Like most neural net based tools deepbet can be run on GPU and thereby realize a speedup compared to normal CPU execution 💨

Thankfully, Colab allows you to use a GPU for free 🍀

To enable GPU you simply click on
- *Runtime*
- *Change runtime type*
- *T4 GPU*
________________

# Exercise 1

## 🚨 Warning 🚨

This Notebook builds on 1_Introduction and the Exercise of 2_Data_Exploration.

You have to run that Notebook (if you didn't already) and mount your Google Drive to this Notebook via
```python
from google.colab import drive
drive.mount('/content/drive')
```
then you are ready to go!

1. Install `deepbet`

2. Load the DataFrame you saved at the end of the exercise in 2_Data_Exploration


3. Create two new columns called `brain_filepath` and `mask_filepath` containing the output filepaths needed for the `run_bet` function

The output filepaths should be in the following pattern
- the `t1w_filepath` "...ds000001/sub-XY/anat/sub-XY_T1w.nii.gz"

results in

- the `brain_filepath`: "...ds000001/derivatives/sub-XY/anat/sub-XY_deepbet-brain_T1w.nii.gz"
- the `mask_filepath`: "...ds000001/derivatives/sub-XY/anat/sub-XY_deepbet-mask_T1w.nii.gz"

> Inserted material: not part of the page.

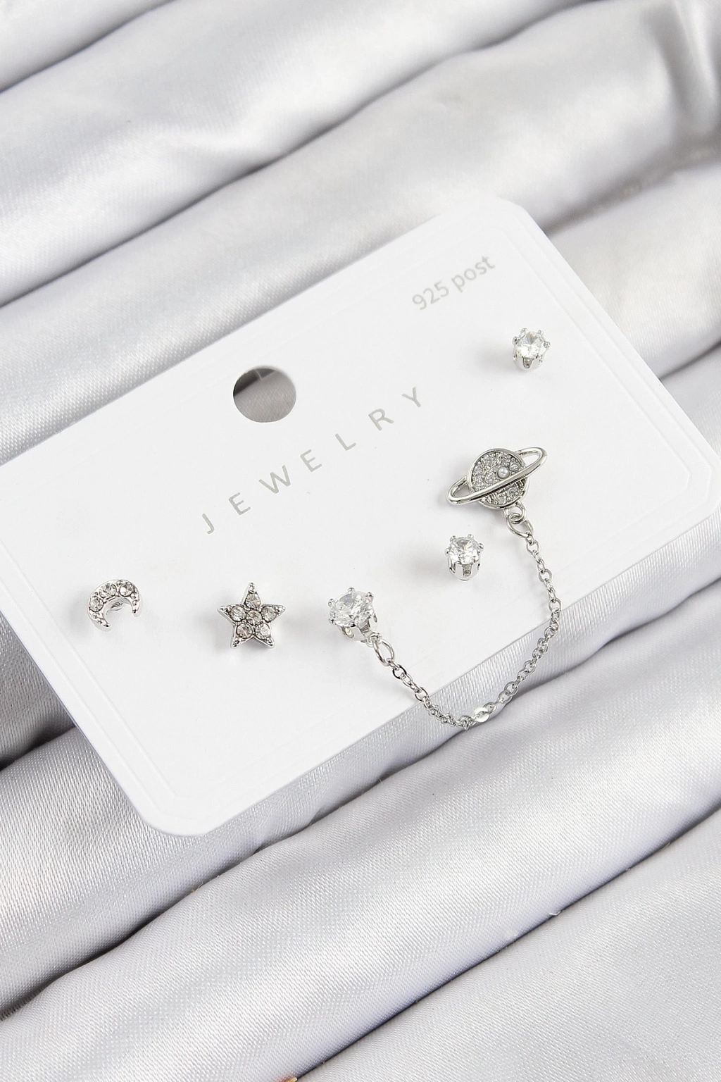 ÇOK SATAN Pirinç Zirkon Taşlı Yıldız Ve Gezegen Model Gümüş Renk 925 Ayar Gümüş Çivi Kadın Küpe Set

4. Save the DataFrame to "drive/MyDrive/openneuro/dataframe_after_deepbet.csv"

5. Create the needed "...ds000001/derivatives/sub-XY/anat/" directories using `Path`

6. Run brain extraction via `run_bet` using the filepath columns from 3.

## 2. Intensity Normalization

Image Normalization is a non-trivial preprocessing step and there is no established best way to apply it ([here](https://github.com/jcreinhold/intensity-normalization) is a detailed resource).

Again for brevity, we will only discuss two typically used normalization techniques which are also used for non-image data.

### 2.1 Min-max Normalization

Min-Max normalization scales the values of an array to a range between 0 and 1

```python
import numpy as np

x = np.array([1, 2, 3, 4, 5])
x_min = x.min()
x_max = x.max()
x_normalized = (x - x_min) / (x_max - x_min)
```

**Task 2.1:** What are Pros and Cons of Min-Max normalization?

### 2.2 Z-score Normalization

Z-score normalization, also known as standardization, scales the values of an array to have a mean of 0 and a standard deviation of 1

```python
import numpy as np

x = np.array([1, 2, 3, 4, 5])
mu = x.mean()
std = x.std()
x_normalized = (x - mu) / std
```

**Task 2.2:** What are Pros and Cons of Z-score normalization?

# Exercise 2
1. Load the DataFrame from Exercise 1

2. Add two columns `brain_minmax_filepath` and `brain_zscore_filepath` containing the output filepaths. These should be in the same folder as `df.brain_filepath` and called "sub-XY_deepbet-brain-minmax_T1w.nii.gz" and "sub-XY_deepbet-brain-zscore_T1w.nii.gz", respectively.

3. Save the DataFrame to "drive/MyDrive/openneuro/dataframe_after_preprocessing.csv"

4. For each Nifti in the `brain_filepath` column apply Min-max and Z-score normalization and save it to the corresponding `brain_minmax_filepath` / `brain_zscore_filepath` output *path*.